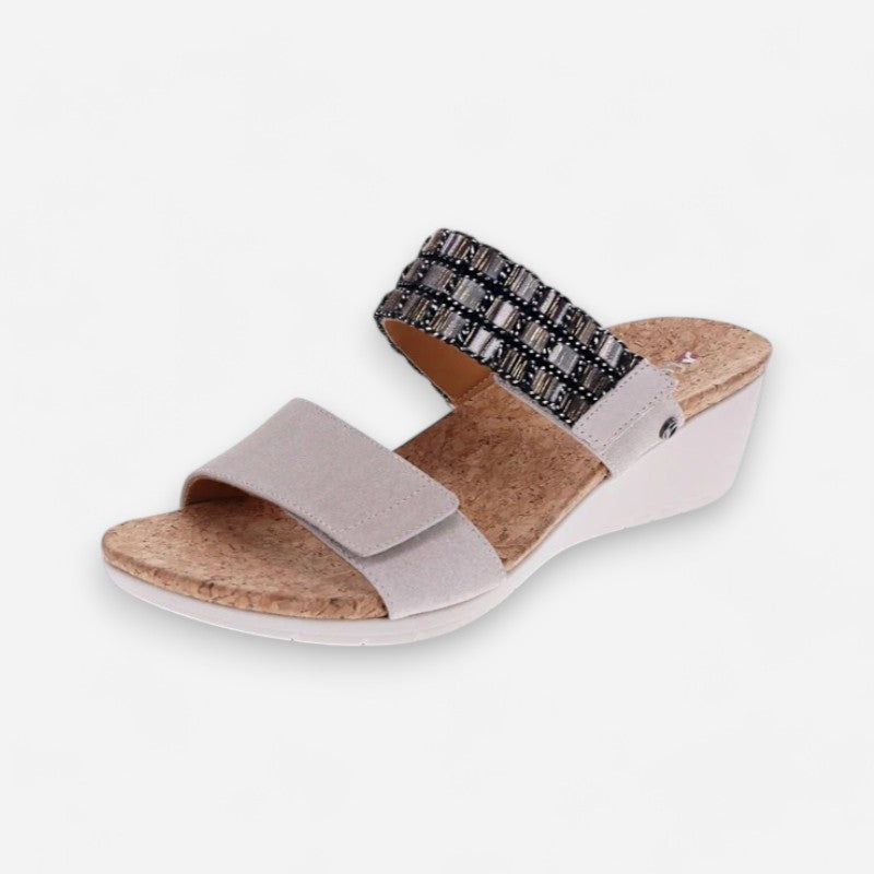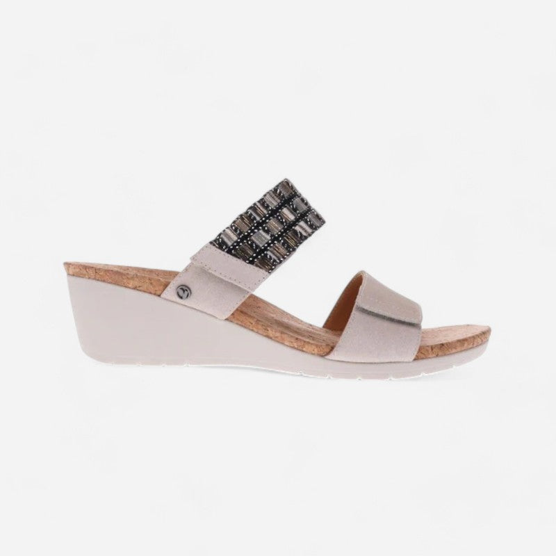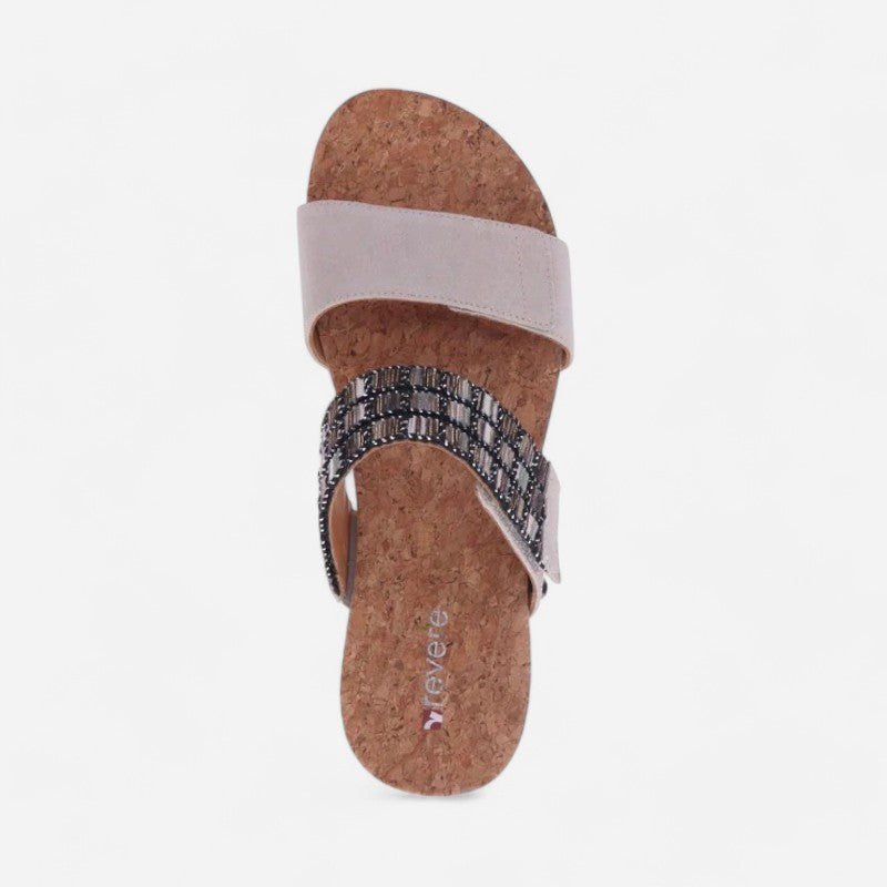 Slide on wedge sandals are a classic for a reason. Sorrento offers just the right amount of height while still staying super comfortable, making these orthotic wedge shoes a more practical option for walking the city and beach alike. We love the contrast of the metallic tile strap against the cork-wrapped footbed, which features a subtle yet functional metatarsal raise to reduce pressure under the ball of the foot.
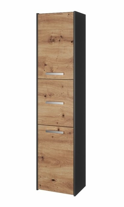 Vysokou koupelnovou skříňku Saly v minimalistickém designu ocení milovníci jednoduchosti a elegance. Je vyrobená ze snadno udržovatelného lamina, hrany jsou povrchově upravené ABS plastem - vyznačuje se vysokou mechanickou a chemickou odolností.
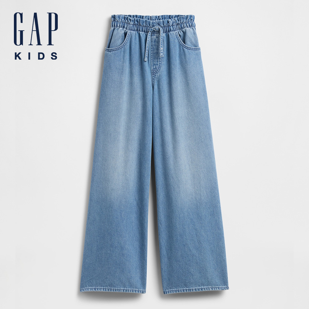 Gap 女童裝 抽繩鬆緊牛仔褲-中度水洗(782442)S|M|L|XL|XXL|XSBottomsGap官方旗艦店
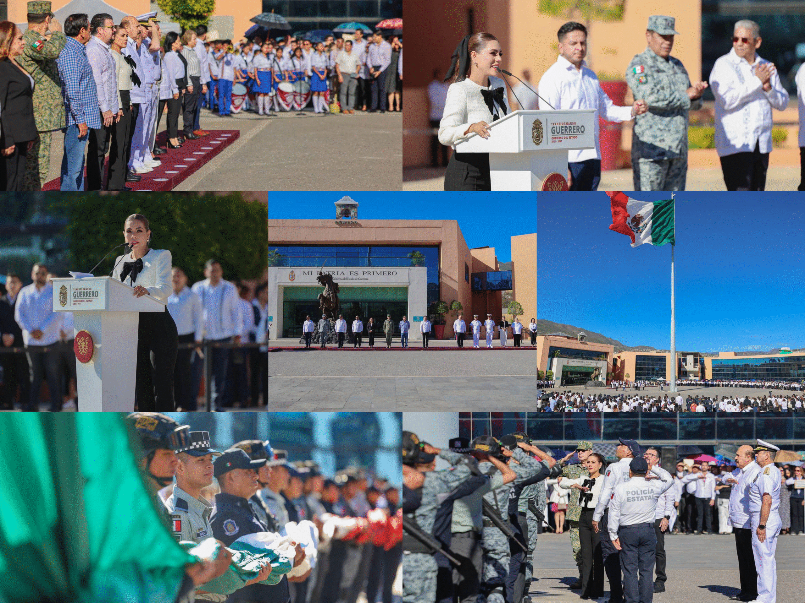 Al presidir la ceremonia cívica mensual de Izamiento de Bandera en la Casa del Pueblo, correspondiente al mes de enero, la mandataria estatal reconoció el trabajo de las Fuerzas Armadas, las corporaciones de seguridad y de quienes integran la Mesa de Seguridad en Guerrero, luego de estos resultados favorables para la paz en la entidad.
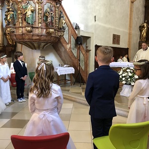 Am Samstag, den 28. Mai 2022, feierten 9 Kinder ihre Erstkommunion. Mit einem festlichen Zug, ging es begleitet von der Winzerkapelle Kleinhöflein, vom Pfarrhof in die Pfarrkirche. Bereits vor einigen Monaten haben sie sich auf den Weg gemacht und waren gemeinsam mit ihren Eltern, Lehrern, Tischeltern und den Mitarbeitern der Pfarre unterwegs.
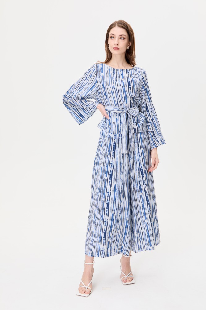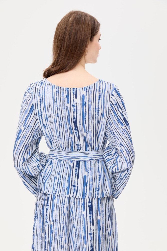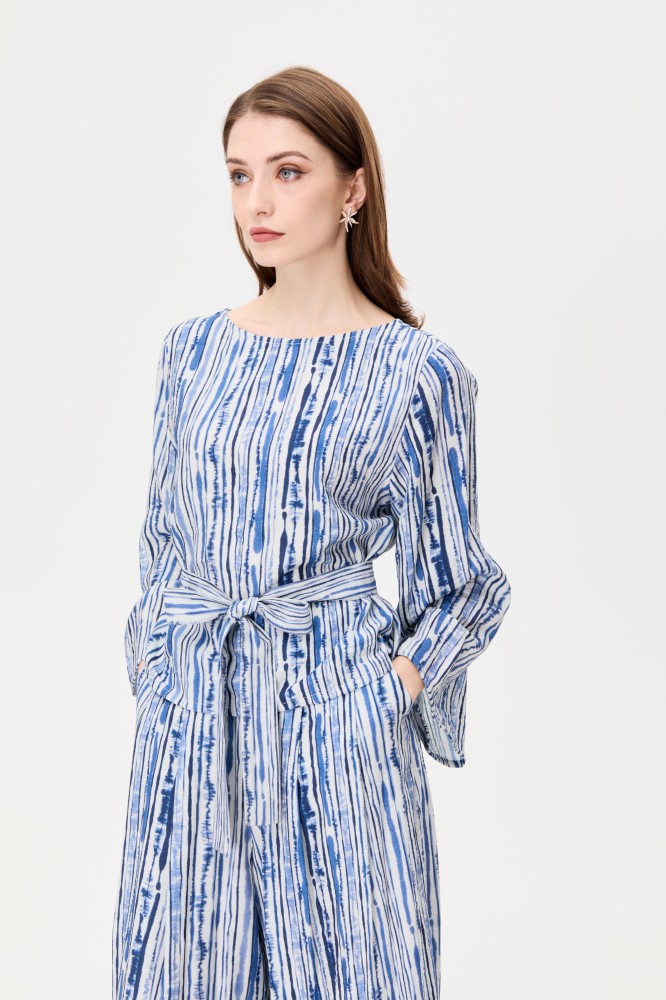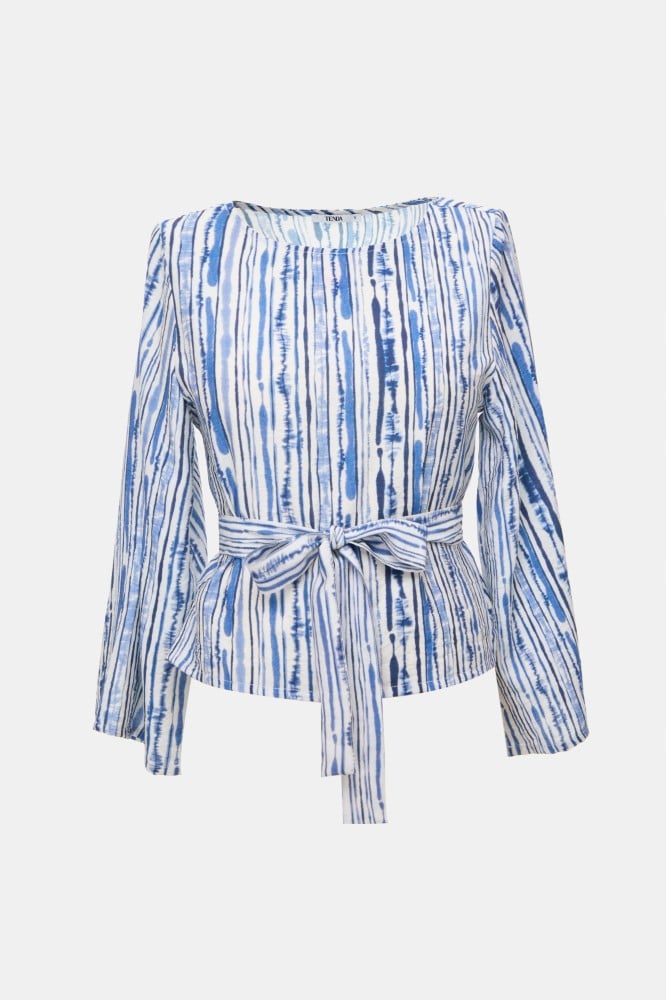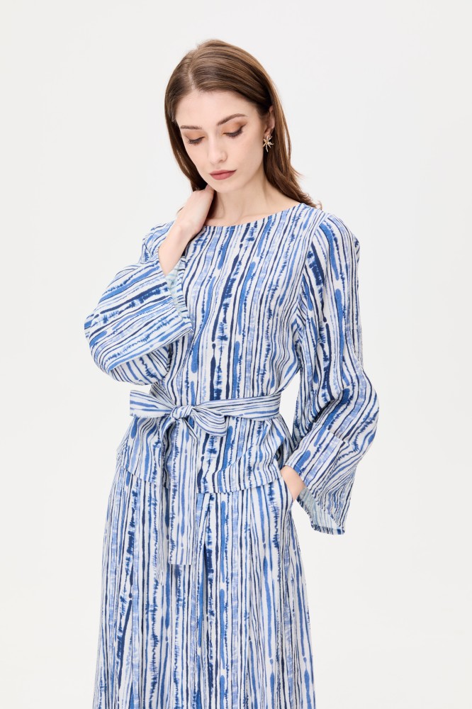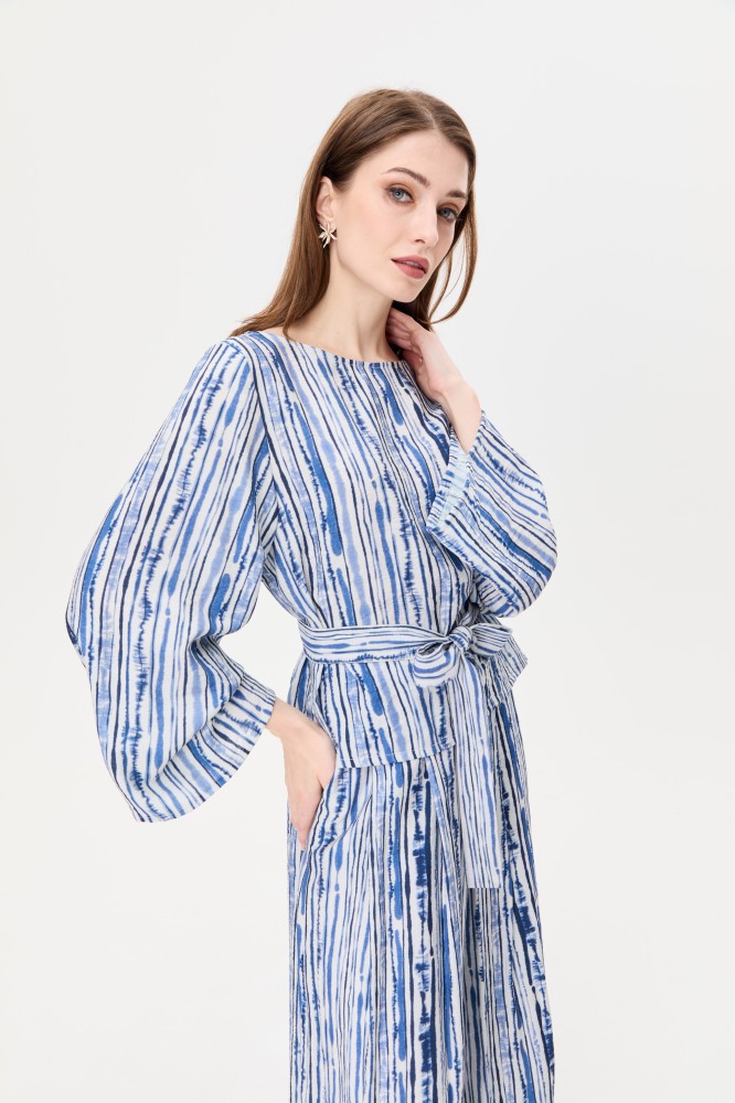 لإطلالة مميزة وأنيقة أختاري هذه البلوزة الناعمة ، مزينة بطبعات مخططة بتصميم بياقة مستديرة وبأكمام طويلة وتأتي مع حزام ربط من نفس الخامة ارتديها مع بنطلون للوج جذاب
+ + + + +
## YOUR GOAL
Down to the last line, set down the data above exactly, and omit all images.

## EXERCISE RESULT
 Slide on wedge sandals are a classic for a reason. Sorrento offers just the right amount of height while still staying super comfortable, making these orthotic wedge shoes a more practical option for walking the city and beach alike. We love the contrast of the metallic tile strap against the cork-wrapped footbed, which features a subtle yet functional metatarsal raise to reduce pressure under the ball of the foot.
 Vysokou koupelnovou skříňku Saly v minimalistickém designu ocení milovníci jednoduchosti a elegance. Je vyrobená ze snadno udržovatelného lamina, hrany jsou povrchově upravené ABS plastem - vyznačuje se vysokou mechanickou a chemickou odolností.
 Gap 女童裝 抽繩鬆緊牛仔褲-中度水洗(782442)S|M|L|XL|XXL|XSBottomsGap官方旗艦店
 Al presidir la ceremonia cívica mensual de Izamiento de Bandera en la Casa del Pueblo, correspondiente al mes de enero, la mandataria estatal reconoció el trabajo de las Fuerzas Armadas, las corporaciones de seguridad y de quienes integran la Mesa de Seguridad en Guerrero, luego de estos resultados favorables para la paz en la entidad.
 Am Samstag, den 28. Mai 2022, feierten 9 Kinder ihre Erstkommunion. Mit einem festlichen Zug, ging es begleitet von der Winzerkapelle Kleinhöflein, vom Pfarrhof in die Pfarrkirche. Bereits vor einigen Monaten haben sie sich auf den Weg gemacht und waren gemeinsam mit ihren Eltern, Lehrern, Tischeltern und den Mitarbeitern der Pfarre unterwegs.
 لإطلالة مميزة وأنيقة أختاري هذه البلوزة الناعمة ، مزينة بطبعات مخططة بتصميم بياقة مستديرة وبأكمام طويلة وتأتي مع حزام ربط من نفس الخامة ارتديها مع بنطلون للوج جذاب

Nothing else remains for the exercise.